The questions I am having trouble with is a figure of an uneven trapazoid swimmi

Question

The questions I am having trouble with is a figure of an uneven trapazoid swimming pool. Two parralel sides one measuring 30ft and the other measures 18 feet, the length of the pool is 15 feet and then the other side has a 3ft measurement then angles out towards the 18foot side but is not given. Questions: If the pool is 10 feet deep, how much work does it take to pump all the water out? Water weights 62.4 lbs/cubic foot. Show all work. I go 35,942,400 ft lbs of work but I have a feeling it is incorrect.

Explanation / Answer

I'm assuming the pool is actually a pentagon that looks like a trapezoid with a bit of the corner broken off.

Characterize the volume as the area of the pentagon times the 10-foot depth.
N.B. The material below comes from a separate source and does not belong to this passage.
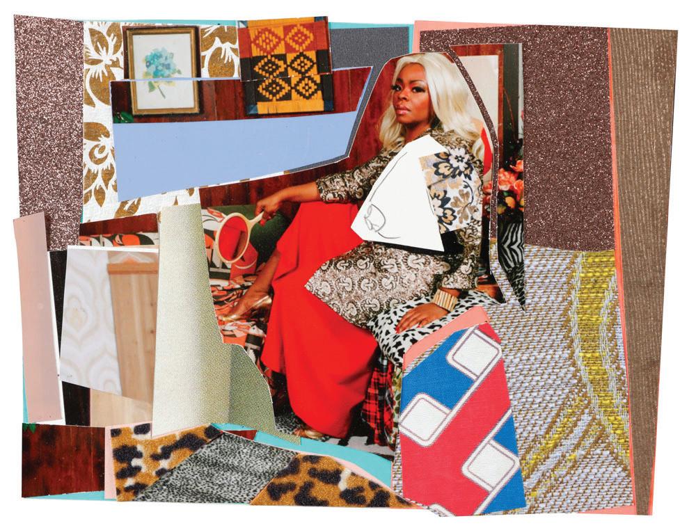 34. Mickalene Thomas (American, b. 1971) "Din avec la main dans le miroir et jupe rouge", unique mixed media collage. Framed. Size: 10'' x 13'', 25 x 33 cm (collage); 15'' x 18'', 38 x 46 cm (frame). Private Collection, Philadelphia; Acquired from Aperture Foundation, NY in 2017.

Make the area easier to manage by dividing it into a 15 by 18 rectangle and a trapezoidal piece with parallel sides of length 3' and 15'. Partition this into a rectangular strip and a triangle.

Now you have a rectangle 15' by 18', a rectangle 3' by 12', and a right-isosceles triangle with sides of 12 feet.
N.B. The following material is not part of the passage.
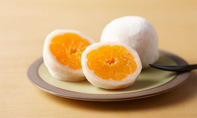「いちご大福」をヒントに、いちごの代わりにみかんを入れたユニークな大福。

The area of the pool is 270 ft2 + 45 ft2 + 72 ft2 = 387 ft2.

The volume is 3870 ft3

One way to characterize the necessary work is to look at removing one cubic foot of water from the pool. If you could pull out a cube of water, at what point is it "out" of the pool? If the surface of the water is at zero feet, we have to lift that cube at least one foot. Any less and the bottom of the cube is still "in the pool". Regardless of where the water goes, once a cubic foot has been lifted a foot, it's out of the pool. What about when the pool is half empty? A cube of water can be raised above the surface of water, but below the zero foot line, but until it is above the zero foot line, it's still in the pool. The work increases with depth because you have to lift the water higher to get it "out" of the pool.
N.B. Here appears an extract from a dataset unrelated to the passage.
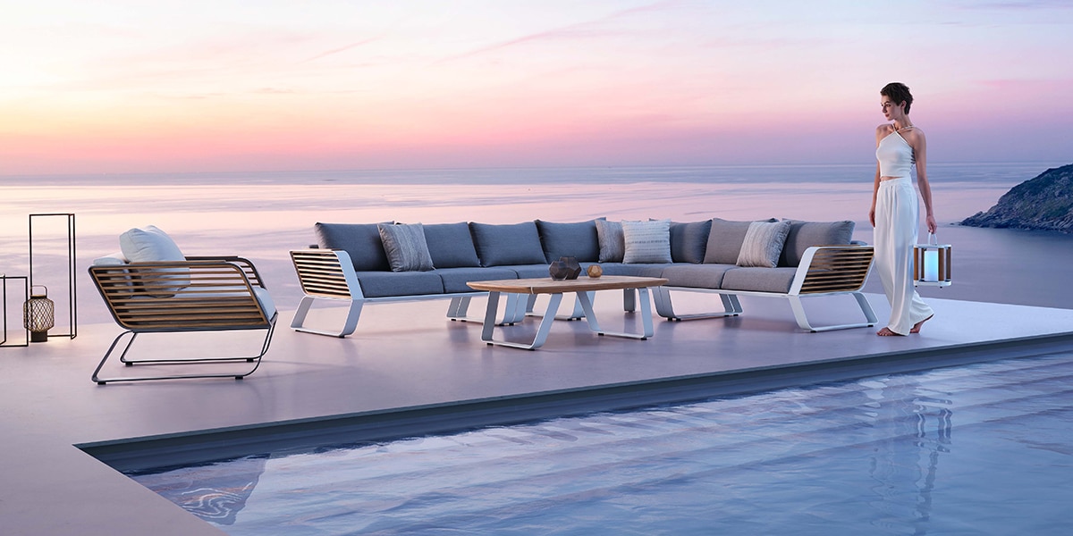 Uno degli aspetti più distintivi è la sua leggerezza visiva. Ogni pezzo sembra fluttuare nell'aria, come se fosse sostenuto da ali invisibili. Questa leggerezza è ottenuta grazie all'uso sapiente di materiali avanzati e alle linee pulite e sinuose del design. Il risultato è un'atmosfera di eleganza eterea che trasforma qualsiasi spazio esterno in un'oasi di serenità.

For the top 387 cubic feet, you have to raise 387(62.4) pounds of water 1 foot.

You have to spend twice that raising the next 387 cubic feet, three times for the third, et cetera.

The sum of 1 to 10 is 55, so you multiply 387(62.4) by 55 to get the work necessary to raise each cubic foot to a height of 1 foot above the (initial) surface of the water.

387(62.4)(55) = 1,328,184 foot-pounds.

Remember, this number depends on my assumption of the pool's dimensions. A drawing would really help.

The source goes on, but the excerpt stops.